Opponents of the Tea Party now outnumber supporters 27% to 22%, which is similar to their edge in 2012. However this differs from most of Gallup’s earlier measurements, in 2010 and 2011, when supporters and opponents were either equally matched, or Tea Party backers had the slight edge.
Fully half of Americans, 51%, currently say they are neither a supporter nor an opponent of the Tea Party, or they have no opinion about it.
Strong Tea Party Opponents Outnumber Strong Supporters
In addition to their overall advantage in numbers, opponents of the Tea Party also lead supporters in intensity. The majority of Tea Party opponents call themselves strong opponents, while supporters are evenly divided as strong and not strong supporters. The net result is that 17% of Americans consider themselves strong opponents of the Tea Party, contrasted with 11% who are strong supporters, similar to the balance seen in 2011.
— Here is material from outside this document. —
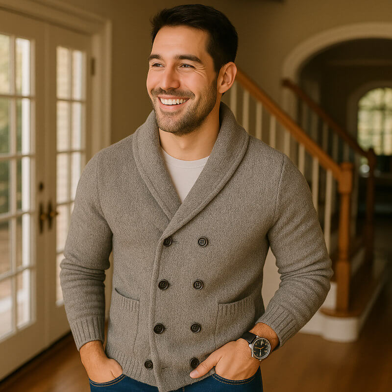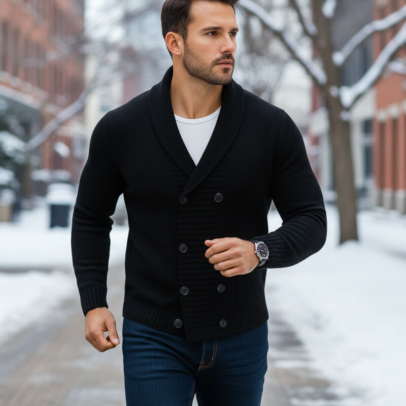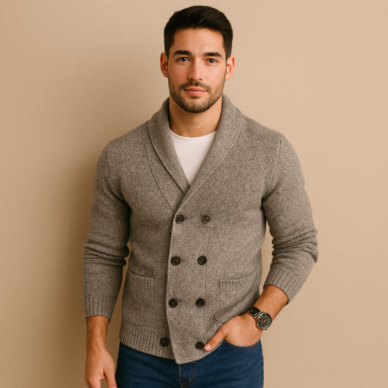 The Taylor - Double Breasted Cardigan keeps you warm and comfortable without feeling bulky. Made from a soft, lightweight knit, it’s easy to layer and gentle on the skin. The double-breasted front and shawl collar add a touch of structure, making it a smart choice for work or relaxed weekends.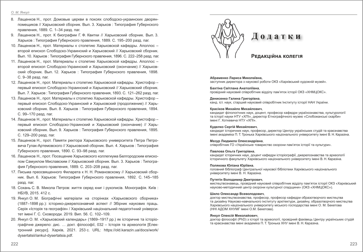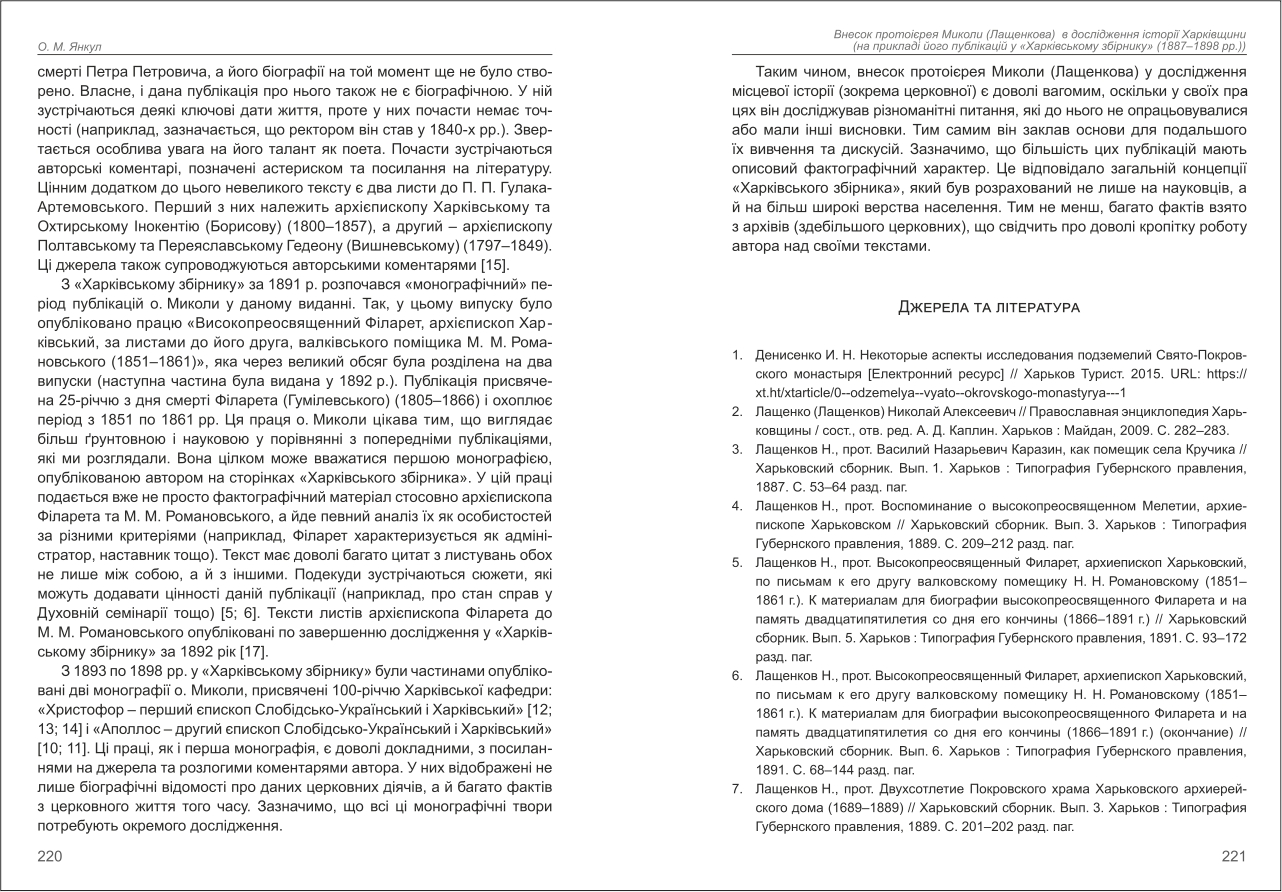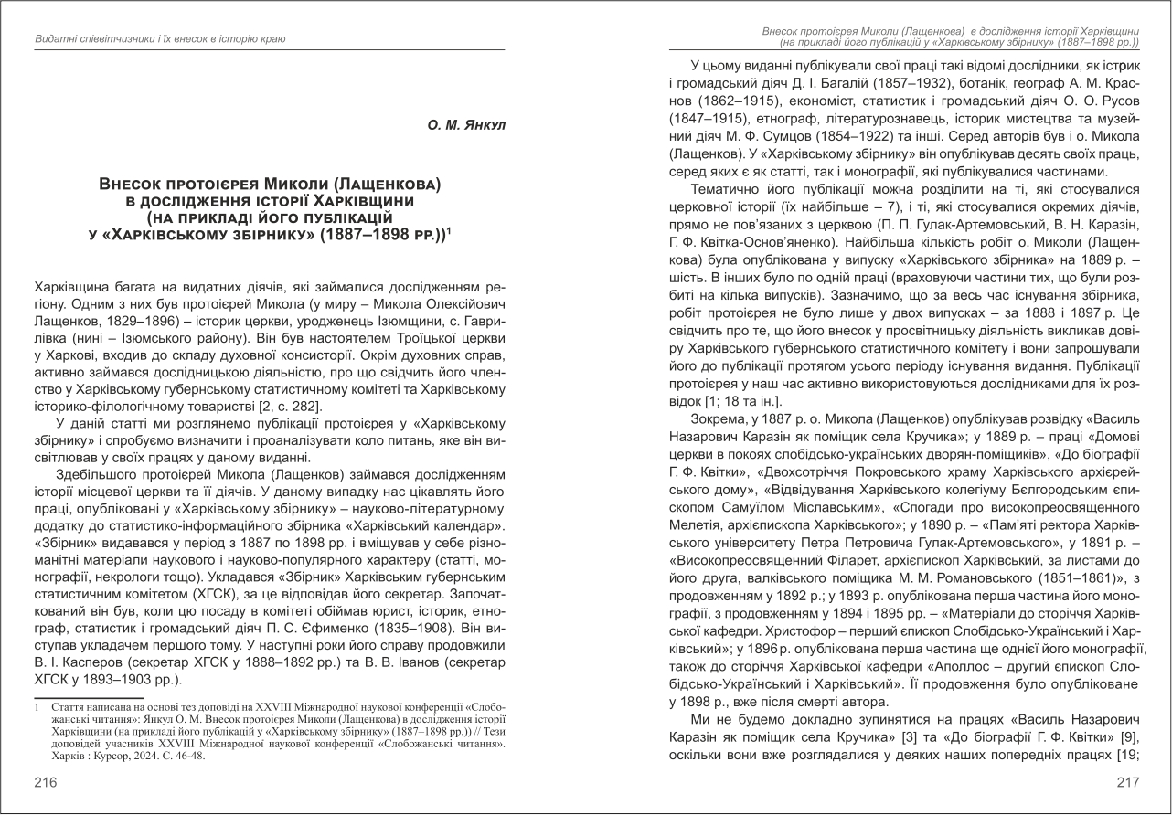 | Бібліографія: | Янкул О. М. Внесок протоієрея Миколи (Лащенкова) в дослідження історії Харківщини (на прикладі його публікацій у «Харківському збірнику» (1887–1898 рр.)). Культурна спадщина Слобожанщини: зб. наук. ст. Число 55, Харків : Курсор, 2024. C. 216–222 |

Yes, it is good that the number of supporters is on a downward trend. It is still scary that over one-fifth of the country supports a group which opposes the basic tenets of self-government which this country was founded on with their hysterical hatred of government (especially when there is a black president) and unquestioning support for plutocrats like the Koch brothers. Americans should know better, and far fewer should support the Tea Party insanity. Having half the country not taking a position isn’t reassuring either.
The last time we faced a vote on the debt ceiling (which allows the United States to pay its bills, not increase spending), the Tea Party created a show-down which led to a downgrading of the credit rating of the United States and slowed economic recovery.
Now that we face a comparable crisis, we need far more than twenty-seven percent opposing this extremist and dangerous group.